Theodore H. Maiman

Theodore H. Maiman Winner of Wolf Prize in Physics - 1984
Theodore H. Maiman


The Physics Prize Committee for 1983/4 has unanimously chosen the following three candidates to equally share the award for their distinct pioneering contributions in the field of experimental condensed matter physics.

Theodore H. Maiman
Maiman Associates
Marina del Rey, California, USA

for his realization of the first operating laser, the pulsed three level ruby laser.

Erwin L. Hahn
University of California
Berkeley, California, USA

for his discovery of nuclear spin echoes and for the phenomenon of self-induced transparency.

Sir Peter Hirsch
Oxford University
Oxford, United Kingdom
for his development of the utilization of the transmission electron microscope as a universal instrument to study the structure of crystalline matter.

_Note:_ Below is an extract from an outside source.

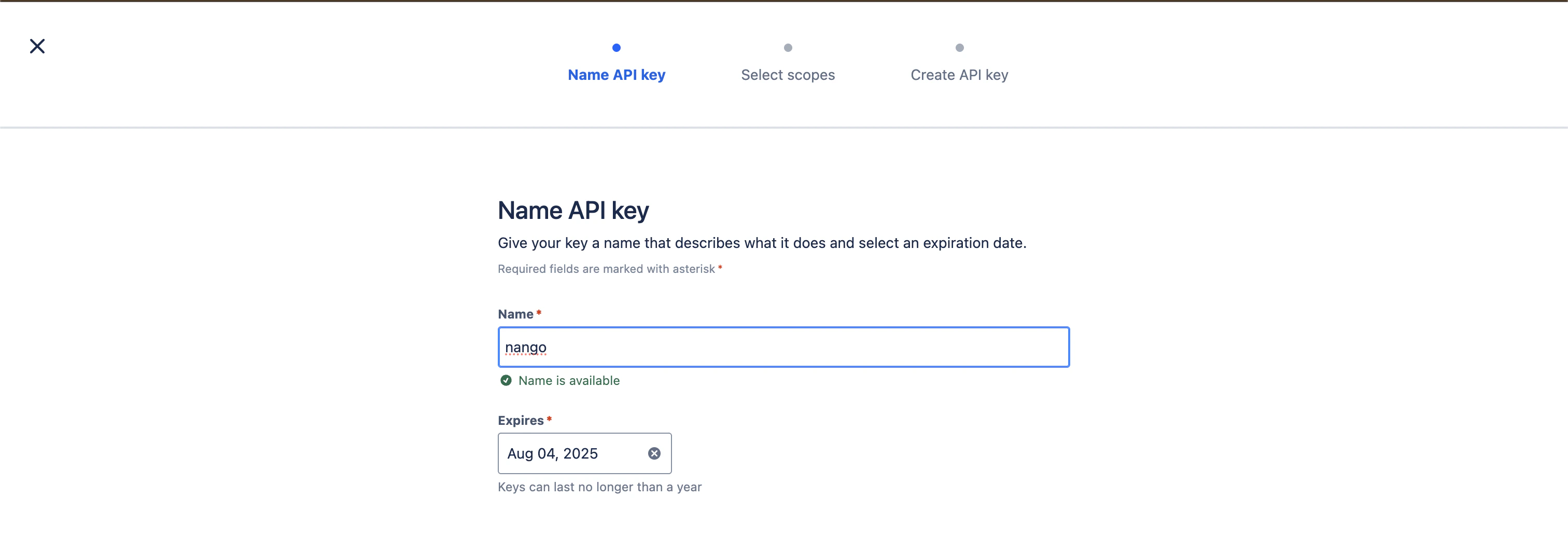 - To create a scoped key: Click API keys with scopes, then click Next.

Professor Erwin L. Hahn´s research demonstrated that a collection of spinning nuclei could retain a coherent memory for a period of time and made it possible to extend the use of magnetic resonance techniques for a variety of purposes in science, engineering and medicine including the storage and retrieva l of information. Optical self-induced transparency is an outstanding example of nonlinear interaction between matter and high intensity light pulses. The experiments of Hahn elucidate concepts´ of statistical mechanics and collective excitations in complex (many-body) systems.

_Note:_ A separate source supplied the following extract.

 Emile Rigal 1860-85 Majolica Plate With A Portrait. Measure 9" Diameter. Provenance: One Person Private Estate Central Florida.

Professor Peter Hirsch developed the use of the transmission electron microscope, to study imperfections in the structure of metals, ceramics and other materials. His work has made it possible to examine such solids in far greater detail than is possible with the optical microscope.

Dr.Theodore H. Maiman. The impact of lasers on many technological fields is well known. They are used, for example, as cutting tools in metallurgical and textile industry, as scalpels in surgery, as alignment devices in the construction industry, as length and frequency standards in scientific applications. The original ruby laser of Maiman was instrumental in establishing the new sub field of non-linear optics, which explores the properties of matter at extremely high light intensities. It has also been used in ranging experiments to measure the earth-moon distance with retro-reflectors set-up by the moon astronauts.